For instance, bed bugs can get carried from your bedroom to the laundry room by latching onto your bedsheets and pillowcases. From there, they can again latch onto other clothes. And as you take your clothes to different areas of your home, the bed bugs get transported as well.

Now, while hitchhiking is the bed bugs’ preferred way of transport, they can also move between rooms very quickly, especially if they sense a food source. Typically, a bed bug can cover 100 ft in an hour, whereas they can reach top speeds up to 240ft/hour.

However, if bed bugs move from one room to another, won’t we be able to see them?

Well, yes, but not always.

It’s important to keep in mind that bed bugs are as small as an apple seed and as flat as a credit card. As a result, they can easily squeeze into cracks in the walls, doors, electrical sockets, or piping and then travel between rooms.

How to Know if Bed Bugs Have Spread to Other Rooms

You just noticed one or two bed bugs in one of your rooms.

How can you tell if these are the only bed bugs in your home? And more importantly, in case there are more, are they confined to that room alone, or have they already spread to other corners of your house?

The first thing you should do if you think you found bed bugs in one of your rooms is to ensure that they are indeed bed bugs and not some other type of insect.

If they are bed bugs, you need to act quickly.

Search every place around your home where bed bugs commonly hide out and look for signs of a bed bug infestation.

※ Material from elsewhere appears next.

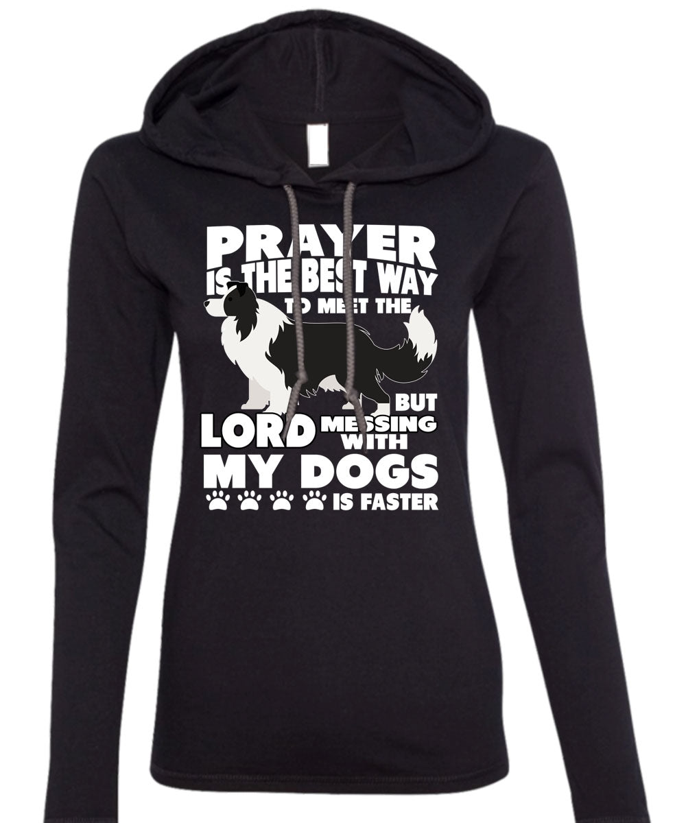 Prayer Is The Best Way T Shirt, Messing With My Dogs T Shirt (Anvil Ladies Ringspun Hooded)

If you notice bed bugs or signs of their presence in several rooms, it means they have spread throughout your home.

To help you out, I’ve prepared a guide on how to tell bed bugs from other critters, shared some of the most common places to search for them, and listed a few signs you should look out for.

Identifying Bed Bugs

There’s a wide variety of insects on the planet, and it’s easy to confuse them with each other. For instance, many people mistake fleas, carpet beetles, and cockroach nymphs for bed bugs.

Therefore, it’s important to ensure that you indeed have bed bugs in your home before you start worrying about whether they’ve spread and how to get rid of them.

A bed bug has an oval shape and is as flat as a credit card. In terms of color, they can have a reddish or brownish appearance, sometimes with black stripes.

If it’s fully grown, a bed bug is usually the size of an apple seed – around 0.3 inches in length, while hatchlings are much smaller. Anatomy-wise, bed bugs have 6 legs and short antennae that are segmented.

Fun fact: Dead bed bugs release a special odor that acts as a warning to other bed bugs about potential danger.

Places Where Bed Bugs Hide

Unlike most insects that build nests, bed bugs just crawl into places and live in groups. Their small flat body gives them a great advantage in finding residence inside small cracks and crevices around your home.

Initially, bed bugs will hide inside your mattress by burrowing a hole into the soft fabric. There they’ll stay hidden throughout the day and come out at night when you’re sleeping to feed on your blood.

Slowly, as the colony starts to grow, they’ll move on from the mattress and start taking refuge in your bedding. This can be inside your pillows, the pillowcase, bed covers, bed sheets, duvet, and so on.

As time goes by, they’ll travel beyond the bed and explore different nearby hiding spots. They especially love to hang around near old furniture, couches and sofa sets, carpets & rugs, cracks in the walls & floorboard, etc.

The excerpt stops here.